Они оба были из Баварии и начали спорить на диалекте, перейдя на «ты». Мы смогли разобрать только, что речь шла о приключениях с девицами и партизанами.

– Мы задержимся здесь надолго. Иваны возвели впереди укрепленные огневые точки, и они находятся прямо перед нами, – перейдя на литературный язык, закончил Эрхард. По ночам действительно можно было видеть цепочки осветительных ракет над линией фронта.

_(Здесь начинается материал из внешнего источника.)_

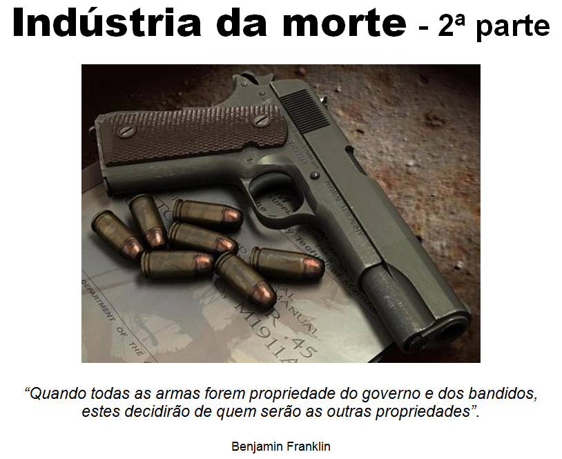 Matar pode se transformar em ato contínuo; armas não são bens de consumo, mas objetos de intimidação. Sempre, o aspecto educacional-cultural será determinante no estabelecimento de divisores de águas. Temos nas mãos uma bomba de efeito moral; decisões governamentais não surtem os efeitos morais esperados. Aqui no Brasil, o governo federal achou que tirando as armas de fogo das mãos dos “cidadãos de bem” resolveria quase que totalmente o problema da violência, diminuiria o índice de homicídios por armas de fogo, aproximaria os brasileiros da crença em Deus, tornando-os menos vulneráveis. Esta decisão do governo Lula, esta sim, é um romance digno de Best Seller. Dois pesos e duas medidas, um tiro no pé, outro na testa. Que se dane a violência dos outros. Aliás, os militares deveriam ter questionado o governo federal sobre os Programas de Desarmamento da população, deveriam levantar o que estava por trás dos programas, quais as razões, quais as suas reais intenções, de modo que é sabido, o governo brasileiro (PT) está alinhado politicamente com Cuba e Venezuela e outros territórios bolivarianos, onde a democracia é questionável e um sonho distante, por serem países ditatoriais e por promoverem abertamente uma política de exceção, ameaçando a liberdade e os direitos civis. Liberdade? Direitos civis? A população virou refém de si mesma. Volto à citação de Benjamin Franklin.

На днях мы должны были начать наступление. Цанглер в сопровождении Хана, Осаги и вашего покорного слуги верхом отправился осматривать позиции. Осага, в прошлом горнорабочий из Верхней Силезии, являлся посыльным Цанглера. Поскольку Цанглер, как всегда, был озабочен тем, чтобы лошади не пострадали, он оставил нас с Осагой в котловине, напоминавшей амфитеатр, поросшей клевером. Мы ничего отсюда не видели, но зато все хорошо слышали. Над нами было бездонное небо, а от стен котловины отражалось эхо артиллерийских выстрелов.

– Моя жена пишет, что она больше не выдержит, – заявил вдруг Осага, которого постоянно мучили мысли об оставшейся дома супруге.

– Чего не выдержит?

– Как – чего?! – разозлился Осага. – Ей трудно обходиться без мужчины.

– Сколько же ей лет? – поинтересовался я, похлопывая по холке встревожившихся лошадей.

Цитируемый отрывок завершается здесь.